Directions for this task:
Search the data for the string "avec" and copy each line where it turns up.

Exercise data:
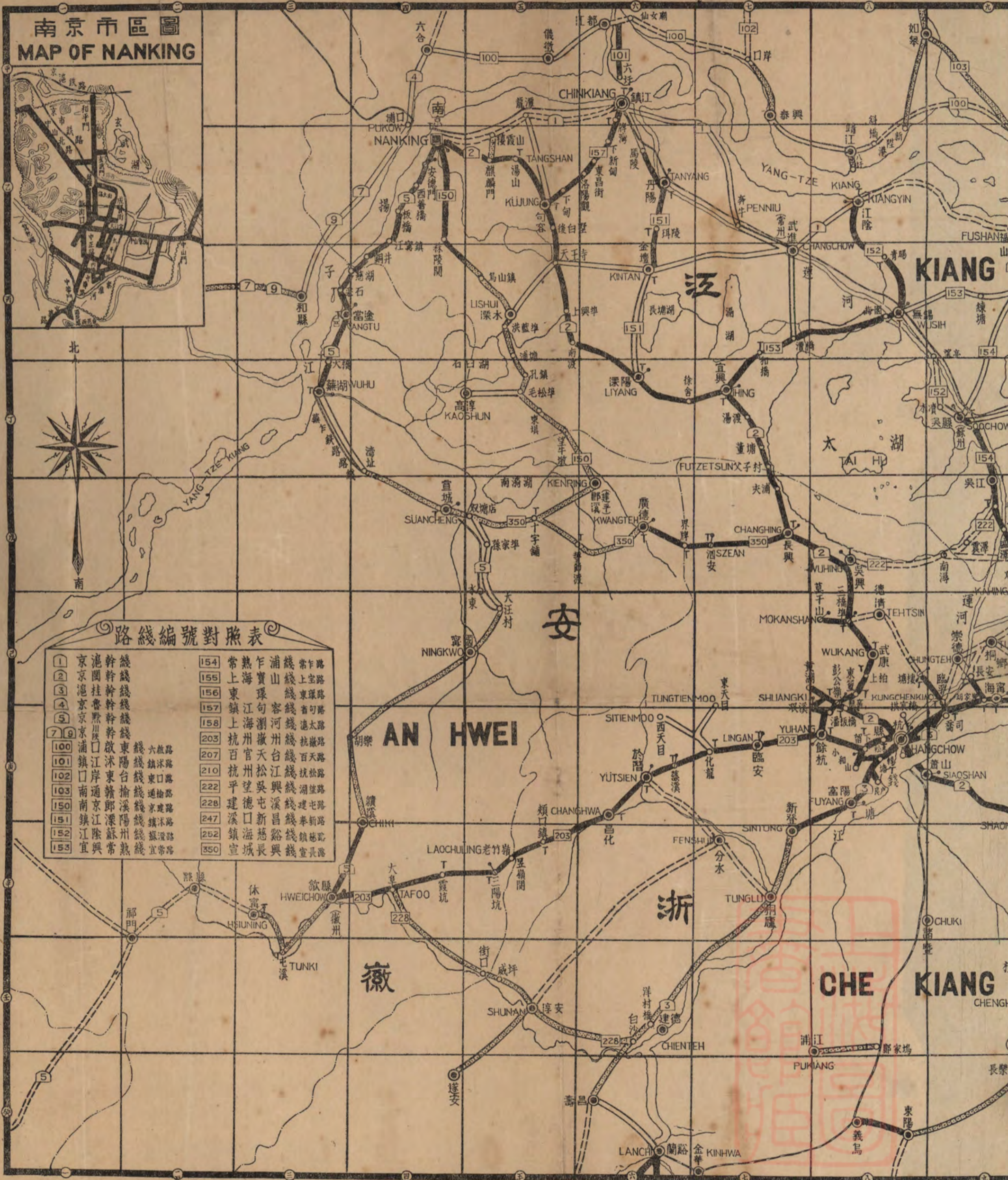
南京市區圖 MAP OF NANKING
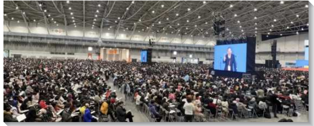
▲海內外聖徒參加二〇二四年國際華語相調特會

海外開展的展覽中，邀請現今以及曾赴海外開展的聖徒們一同上台同唱詩歌『一件美事』，歌詞見證他們在世界各地，澆在主身上的不是枉費，乃是馨香的見證。
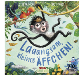
Laaangsam, kleines Äffchen!
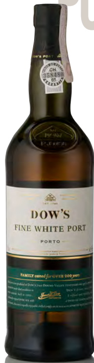
DOW'S PORTO WHITE
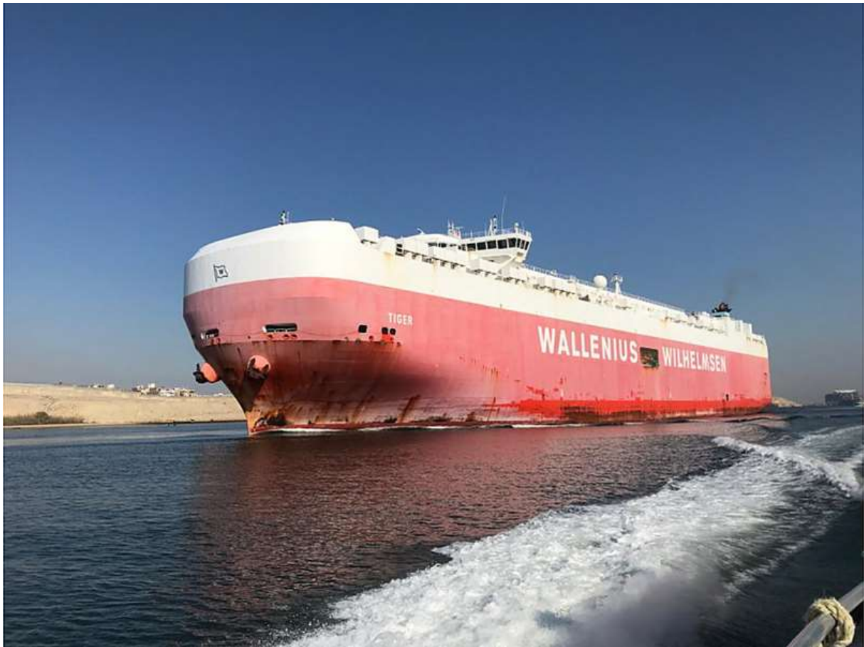
Un autre moment fort du voyage : le Tiger, avec son précieux chargement emprunte le Canal de Suez.
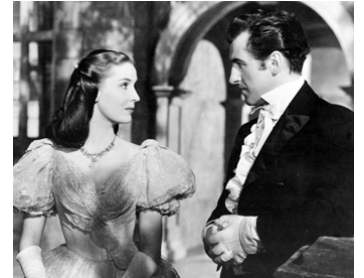
1947 JUSQU'À CE QUE MORT S'EN SUIVE (Blanche Fury) de Marc Allégret avec Valerie Hobson
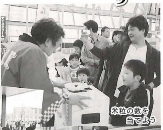
米粒の数を 当てよう
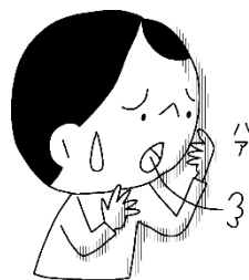
なやんでいる ことがある
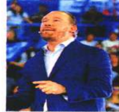
Santiago Taboada afirmó que está listo para ganar.
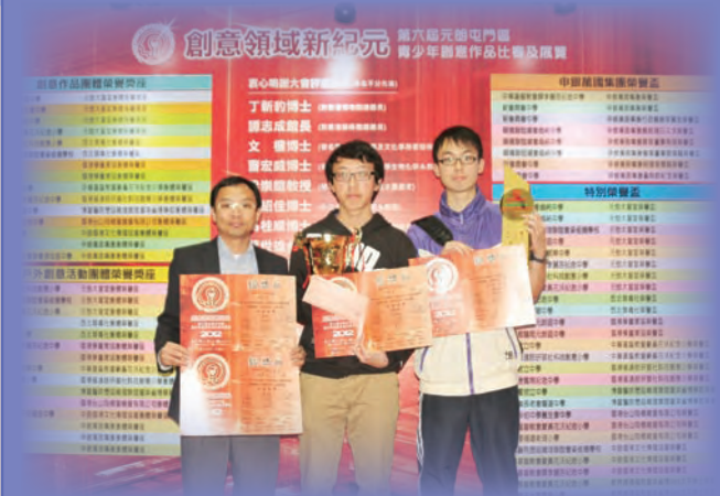
「創意領域新紀元—第六屆元朗屯門區青少年創意作品比賽及展覽」，部份得獎同學與老師合照。
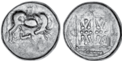
K - 20 (Ø 20 mm, 10,75 g)
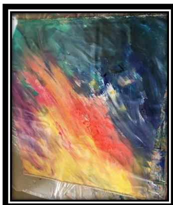
Impressions cycle 2

Task solution:
Un autre moment fort du voyage : le Tiger, avec son précieux chargement emprunte le Canal de Suez.
1947 JUSQU'À CE QUE MORT S'EN SUIVE (Blanche Fury) de Marc Allégret avec Valerie Hobson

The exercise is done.